Schüler: ; / _ () *innen

von Niklas Waglechner und Maximilian Kastner

"Gendern" ist ein sehr umstrittenes Thema. Manche sind dafür, manche dagegen. "Gendern" ist ein starker Eingriff in die deutsche Sprache.

 

Oft liest man in Online-Foren oder Zeitungen solche Formulierungen wie Arbeiter/Innen, Schüler:innen, Doktor*in, Politiker_innen oder InformatikerInnen. In diesem Artikel geht es darum, warum Gendern zwar eine gute Idee ist, aber auch ein großes Problem darstellt und oft missbraucht wird.

 

 Gendern ist einmal eine gute Idee. Die Gleichstellung von Mann und Frau in der deutschen Sprache. Das große Problem: Es gibt keine einheitliche Regelung, viele verwenden eigene Wortkreationen und jeder will mit seinem Geschlecht angesprochen werden.

 

Nicht nur Mann und Frau, sondern alle. Das heißt auch alle absurden Geschlechter wie, dass man sich als Gurke, Flugzeug oder Mann und Frau gleichzeitig fühlt. So kommen auch auch Wörter wie Arbeiterxie, Besuchernin oder auch Gärtnersiem zustande. Unsere Sprache wird so viel komplexer als sie jetzt schon ist und noch schwerer zu erlernen.

 

In Büchern würden zum Beispiel statt: "Jeder der Gruppe, fand es komisch, den Arbeiter beim Arbeiten zuzusehen.", dieser Satz stehen: "Alle der Gruppe, fanden das komisch, die Arbeiterxie bei der Arbeit zuzusehen." Die meisten würden bald keine Bücher mehr lesen und schreiben. Beides ist zu kompliziert.

 

Auch Theaterstücke und Gedichte würden/werden umgeschrieben.
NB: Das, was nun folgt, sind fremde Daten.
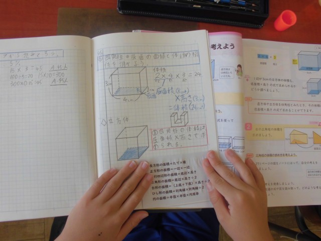 これまでの公式が一覧になっているプリントをノートに貼りました。

Sie reimen sich dann nicht mehr und der Zusammenhang geht nicht mehr hervor.

 

Hier eine gegenderte Bibelstelle: "Wer/xie ihren/seinen/innen Schwester/Bruder hasst, ist ein/e/xie Mörder/innen/xie. Und ihr/innen wisst, dass kein/e/xie Mörder/innen/xie das ewige Leben in sich trägt." Xie steht dabei für nicht binäre Personen, also Personen mit einem Geschlecht, das nicht das männliche oder das weibliche meint.

 

Natürlich wollen nicht alle so extrem gendern. Wir finden, dass es okay ist zu gendern, zum Beispiel in Zeitungen oder offiziellen Schreiben, denn mit "Arbeiterinnen und Arbeiter" oder "die Arbeitenden" sind alle Geschlechter angesprochen. Und das ist gut so.

 

So sollte es in der deutschen Sprache eine einheitliche Regelung geben und nicht jeder mit einem eigenen Symbol wie : ; / _ () * ihr eigenes "Ding" machen.

 

Gendern ist eine gute Idee mit schlechter Umsetzung.